Task:
With images excluded, write out each entry below exactly as given.

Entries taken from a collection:
========================
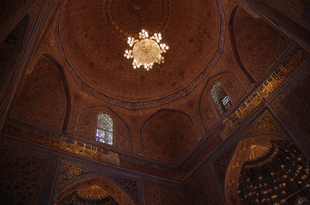 テムール家のお墓。金!*タシケントを出たらウズベキスタンだったウズに来てから9ヶ月、今回はじめて、タシケントを出て別の都市に行ってみて思ったのですが、思いのほかウズベキスタンでした。ウズベク語しか聞こえてこないっていう経験をはじめてしました。タシケントでは、同僚や近所の住人がロシア人とかロシア語話者なのもあるし、街中でもロシア語のほうがよく聞くし、ウズベク人も私にはロシア語で話すので、町並みも相まって、「半分ロシアだな」と思っていたのです。でもタシケントを出たら、
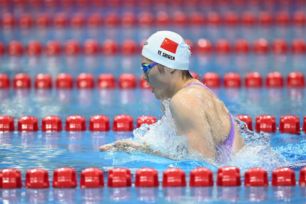 女子200米蛙泳決賽中,葉詩(shī)文在接近100米時(shí)超越身旁的唐錢(qián)婷排名第一,并把優(yōu)勢(shì)保持到最后,以2分22秒55奪冠,成績(jī)超過(guò)了奧運(yùn)A標(biāo)。唐錢(qián)婷、朱蕾桔分獲二、三名。
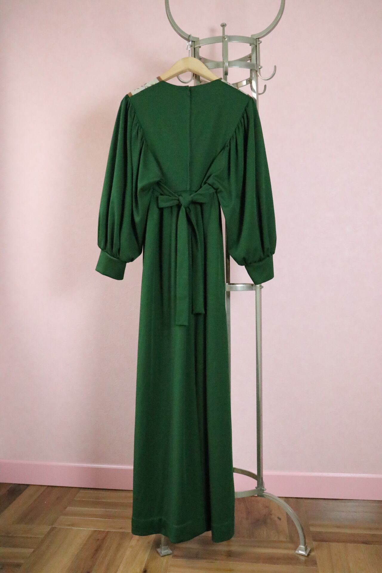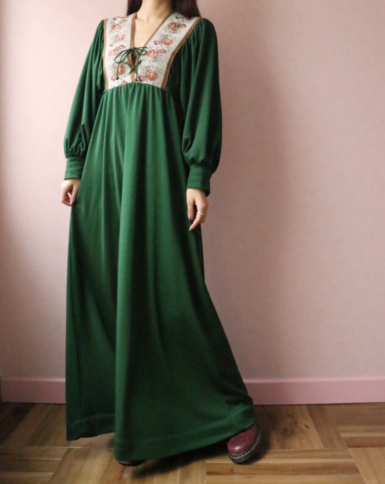胸元が特徴的な1970年代ロングドレス。
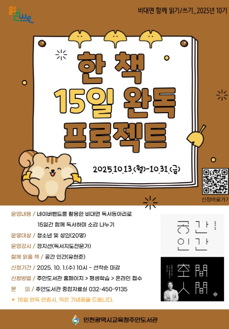 [메이저뉴스]인천광역시교육청주안도서관은 10월 1일 오전 10시부터 ‘2025년 10기 비대면 함께 읽기-한 책 15일 완독 프로젝트’ 참가자를 모집한다.
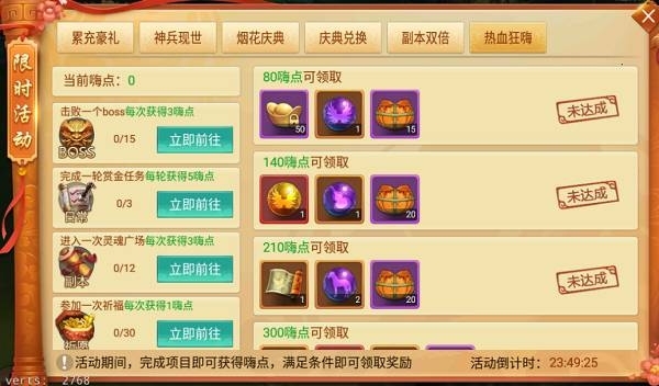 活動說明:活動期間,完成項目即可獲得嗨點,滿足嗨點條件即可領取超值獎勵!
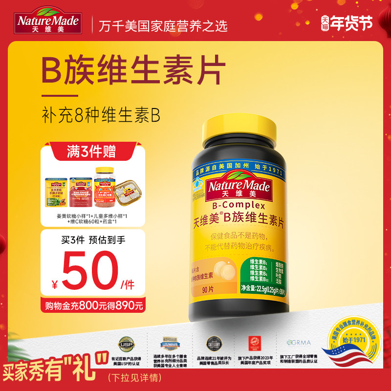 NatureMade天维美B族复合维生素片b12补充b100VB
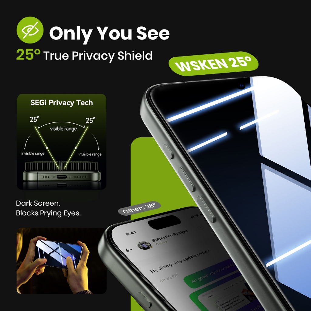 New WSKEN iPhone 17 Pro Max Series Tempered Glass Screen Protector (2-Pack) + Easy-Apply Tool HD Privacy Protection, Oil-Resistant, Anti-Fingerprint
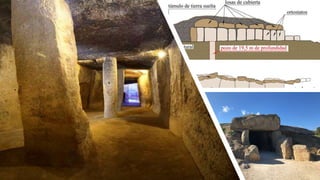 This document discusses various types of megaliths, large prehistoric stone structures found across Europe. It describes dolmens, structures made of large upright stones supporting flat capstones, and mentions the Dolmen of Menga, one of the largest in Europe. It also discusses menhirs, single upright standing stones, and alignments of multiple menhirs. Some of the most famous alignments are located at Carnac, France, consisting of nearly 3,000 standing stones arranged in long rows. Megaliths such as Stonehenge and Avebury were built as circular arrangements of stones and may have served ceremonial purposes related to astronomy.
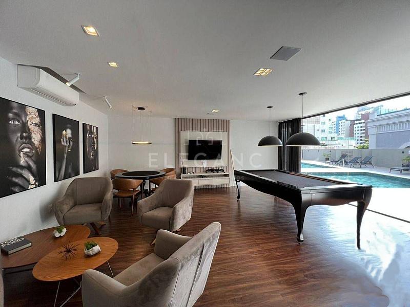 Apartamento mobiliado, com 113m² privativos, 02 dormitórios sendo 01 suíte, sala para 02 ambientes, sacada com churrasqueira a carvão, aquecimento a gás, área de serviço e 01 vaga de garagem.
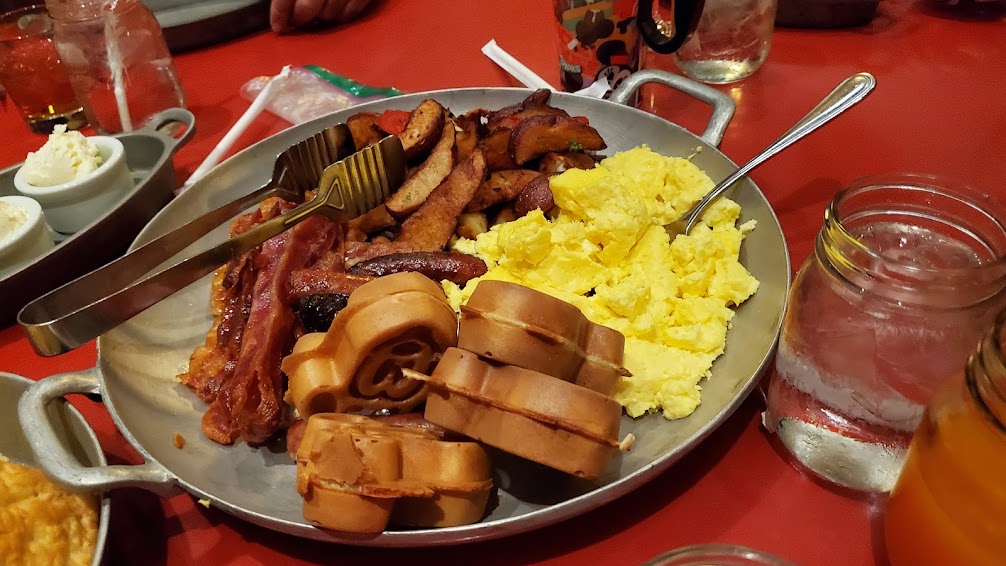 Everything was good stuff. I mean, pretty traditional breakfast offerings but Mickey waffles are a true elevation food. Like just by being associated with Mickey Waffles, those scrambled eggs immediately become the best scrambled eggs in the history of scrambled eggs.
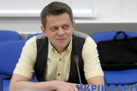 Ведучий фестивалю, режисер Народного фольклорного ансамблю "Червона калина" КП "Київський метрополітен" Роман Нагірний під час пресконференції на тему: "Пісня над Дніпром": Всеукраїнський фестиваль хорового мистецтва" в Українському національному інформаційному агентстві "Укрінформ", Київ, 23 травня 2019 року.
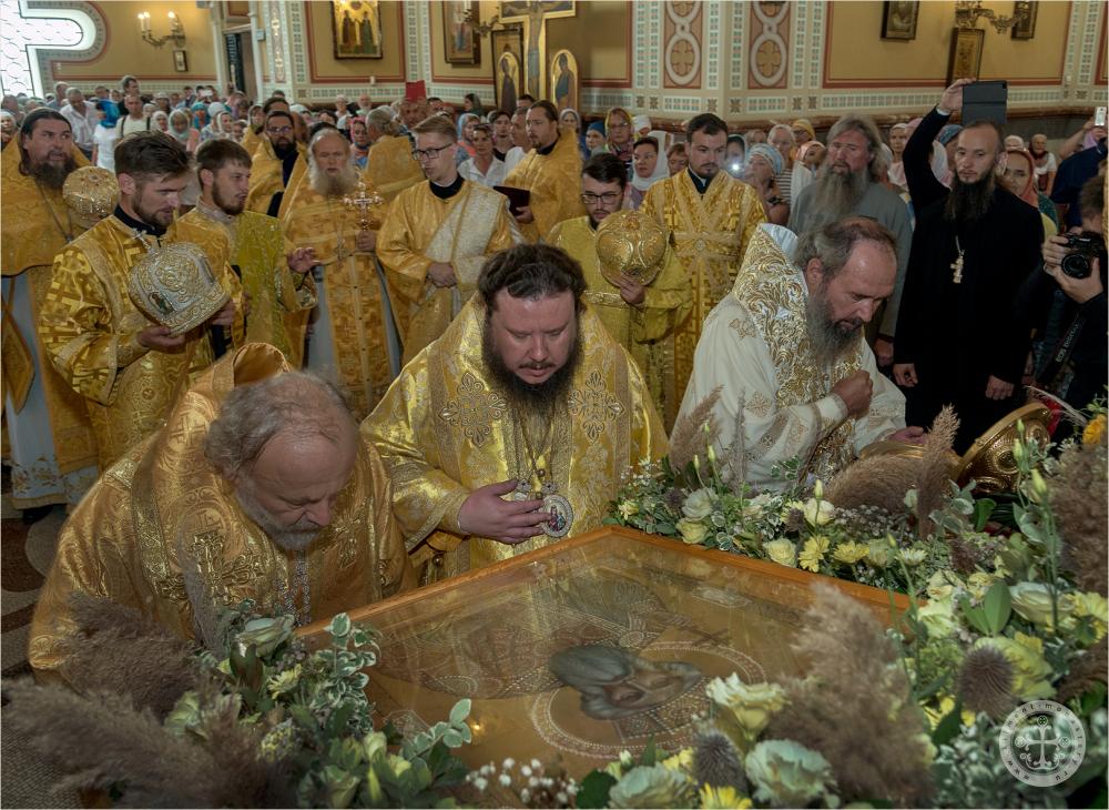 По окончании богослужения состоялся крестный ход вокруг Владимирского собора с изнесением ковчега с частицей мощей святого равноапостольного князя Владимира и праздничной аналойной иконы.
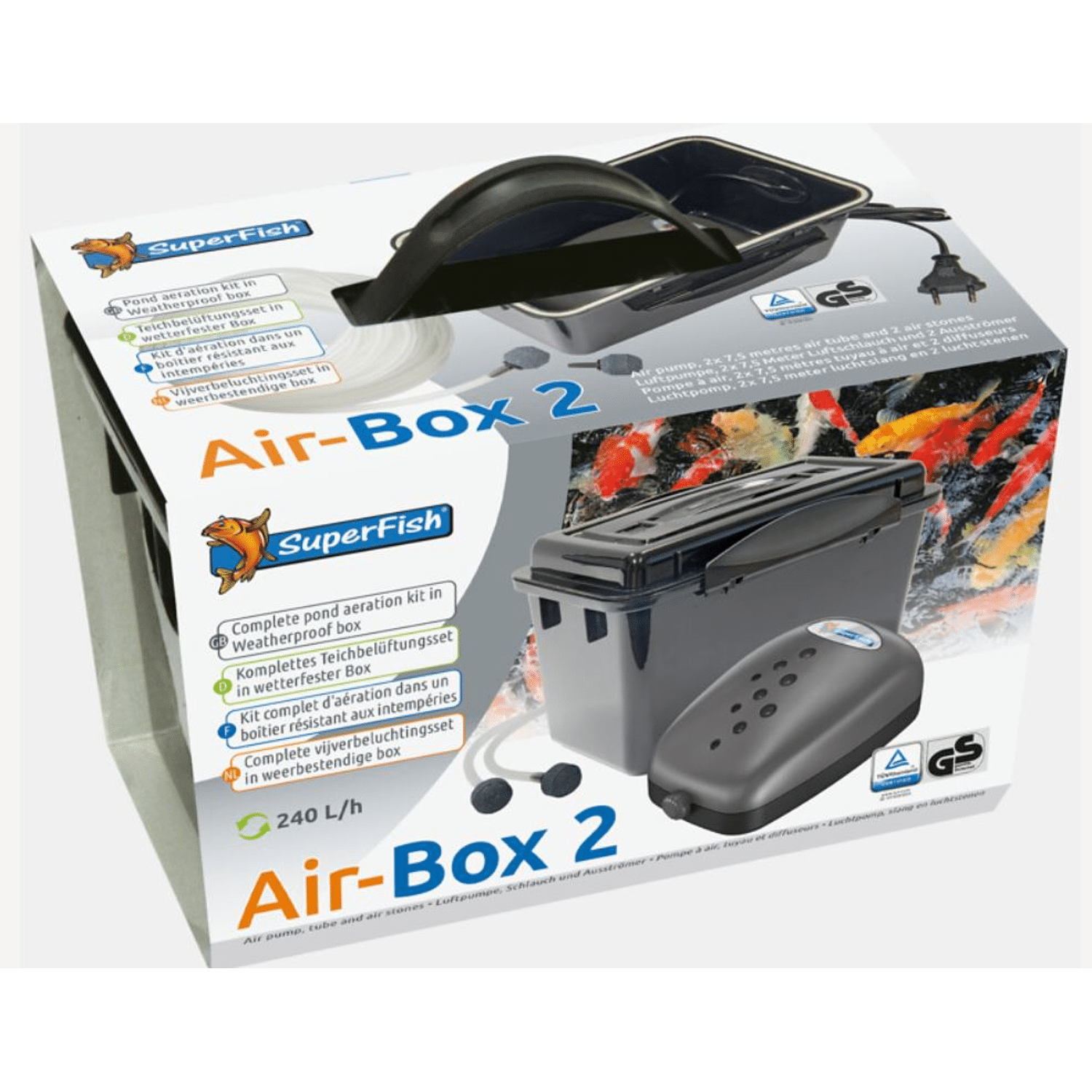 Complete beluchtingssets in een handige box, beschermt tegen regen- en spatwater. Zorgt voor verse zuurstof in het vijverwater. Houdt uw vijver gezond in de zomer en ijsvrij in de winter. Compleet met luchtslang en 1, 2 of 4 luchtstenen. Extra reserve membraan meegeleverd. Complete set geleverd met 2 x 7,5 meter luchtslang en 2 luchtstenen (ø 20 mm). Zorgt voor voldoende zuurstof in de vijver tijdens de warme maanden, en helpt de vijver ijsvrij te houden in de winter. Luchtpomp 240 L/h, verbruik 4W, 2 jaar garantie.
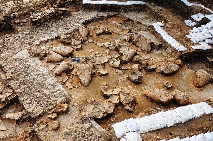 El descubrimiento se produjo el año pasado cuando al oeste del patio central de la estructura los centíficos desenterraron cuarenta grandes recipientes de vino.
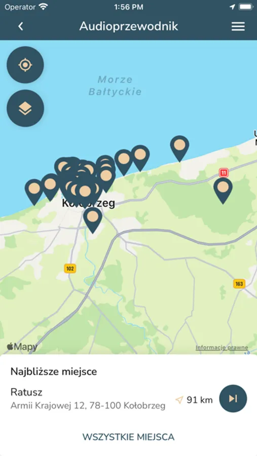Aplikacja używa GPS gdy jest uruchomiona w tle oraz gdy jest włączona funkcja audioprzewodnika. Przed zakończeniem korzystania z aplikacji wyłącz audioprzewodnik aby oszczędzać baterię.
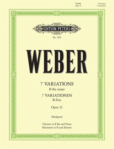 7 Variations in Bb major for Bb clarinet and piano by German composer Carl Maria von Weber. Edited by Peter Hodgson. Carl Maria von Webers "7 Variationen" in B-Dur für B-Klarinette und Klavier wurden herausgegeben von Peter Hodgson.
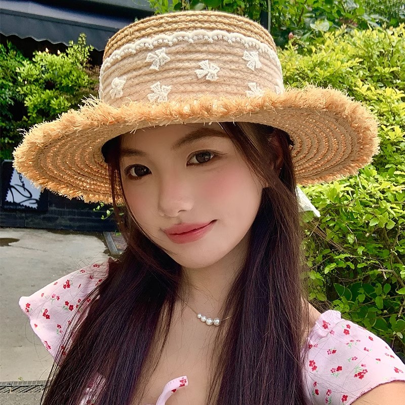 夏の新型ニット平頂麦わら帽子女性優雅日焼け止め日よけ帽子ビーチ海辺休暇レジャー太陽帽子
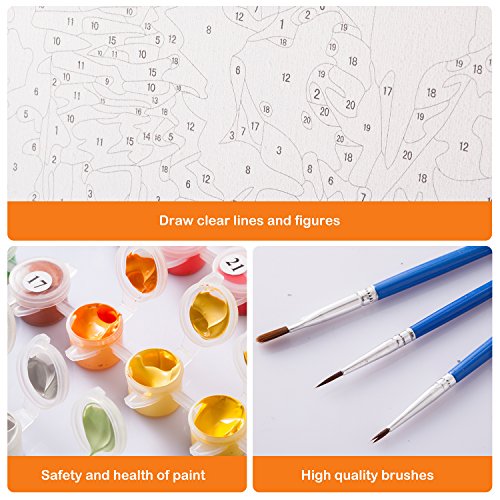 ✍PACKAGE INCLUDING:Painting by numbers kit include 1 PC Pre-printed textured art canvas (without framed), 1 set acrylic paints, 1 set brushes(include 3pcs).
========================
Your response:
 テムール家のお墓。金!*タシケントを出たらウズベキスタンだったウズに来てから9ヶ月、今回はじめて、タシケントを出て別の都市に行ってみて思ったのですが、思いのほかウズベキスタンでした。ウズベク語しか聞こえてこないっていう経験をはじめてしました。タシケントでは、同僚や近所の住人がロシア人とかロシア語話者なのもあるし、街中でもロシア語のほうがよく聞くし、ウズベク人も私にはロシア語で話すので、町並みも相まって、「半分ロシアだな」と思っていたのです。でもタシケントを出たら、
 女子200米蛙泳決賽中,葉詩(shī)文在接近100米時(shí)超越身旁的唐錢(qián)婷排名第一,并把優(yōu)勢(shì)保持到最后,以2分22秒55奪冠,成績(jī)超過(guò)了奧運(yùn)A標(biāo)。唐錢(qián)婷、朱蕾桔分獲二、三名。
胸元が特徴的な1970年代ロングドレス。
 [메이저뉴스]인천광역시교육청주안도서관은 10월 1일 오전 10시부터 ‘2025년 10기 비대면 함께 읽기-한 책 15일 완독 프로젝트’ 참가자를 모집한다.
 活動說明:活動期間,完成項目即可獲得嗨點,滿足嗨點條件即可領取超值獎勵!
 NatureMade天维美B族复合维生素片b12补充b100VB
 New WSKEN iPhone 17 Pro Max Series Tempered Glass Screen Protector (2-Pack) + Easy-Apply Tool HD Privacy Protection, Oil-Resistant, Anti-Fingerprint
 This document discusses various types of megaliths, large prehistoric stone structures found across Europe. It describes dolmens, structures made of large upright stones supporting flat capstones, and mentions the Dolmen of Menga, one of the largest in Europe. It also discusses menhirs, single upright standing stones, and alignments of multiple menhirs. Some of the most famous alignments are located at Carnac, France, consisting of nearly 3,000 standing stones arranged in long rows. Megaliths such as Stonehenge and Avebury were built as circular arrangements of stones and may have served ceremonial purposes related to astronomy.
 Apartamento mobiliado, com 113m² privativos, 02 dormitórios sendo 01 suíte, sala para 02 ambientes, sacada com churrasqueira a carvão, aquecimento a gás, área de serviço e 01 vaga de garagem.
 Everything was good stuff. I mean, pretty traditional breakfast offerings but Mickey waffles are a true elevation food. Like just by being associated with Mickey Waffles, those scrambled eggs immediately become the best scrambled eggs in the history of scrambled eggs.
 Ведучий фестивалю, режисер Народного фольклорного ансамблю "Червона калина" КП "Київський метрополітен" Роман Нагірний під час пресконференції на тему: "Пісня над Дніпром": Всеукраїнський фестиваль хорового мистецтва" в Українському національному інформаційному агентстві "Укрінформ", Київ, 23 травня 2019 року.
 По окончании богослужения состоялся крестный ход вокруг Владимирского собора с изнесением ковчега с частицей мощей святого равноапостольного князя Владимира и праздничной аналойной иконы.
 Complete beluchtingssets in een handige box, beschermt tegen regen- en spatwater. Zorgt voor verse zuurstof in het vijverwater. Houdt uw vijver gezond in de zomer en ijsvrij in de winter. Compleet met luchtslang en 1, 2 of 4 luchtstenen. Extra reserve membraan meegeleverd. Complete set geleverd met 2 x 7,5 meter luchtslang en 2 luchtstenen (ø 20 mm). Zorgt voor voldoende zuurstof in de vijver tijdens de warme maanden, en helpt de vijver ijsvrij te houden in de winter. Luchtpomp 240 L/h, verbruik 4W, 2 jaar garantie.
 El descubrimiento se produjo el año pasado cuando al oeste del patio central de la estructura los centíficos desenterraron cuarenta grandes recipientes de vino.
Aplikacja używa GPS gdy jest uruchomiona w tle oraz gdy jest włączona funkcja audioprzewodnika. Przed zakończeniem korzystania z aplikacji wyłącz audioprzewodnik aby oszczędzać baterię.
 7 Variations in Bb major for Bb clarinet and piano by German composer Carl Maria von Weber. Edited by Peter Hodgson. Carl Maria von Webers "7 Variationen" in B-Dur für B-Klarinette und Klavier wurden herausgegeben von Peter Hodgson.
 夏の新型ニット平頂麦わら帽子女性優雅日焼け止め日よけ帽子ビーチ海辺休暇レジャー太陽帽子
 ✍PACKAGE INCLUDING:Painting by numbers kit include 1 PC Pre-printed textured art canvas (without framed), 1 set acrylic paints, 1 set brushes(include 3pcs).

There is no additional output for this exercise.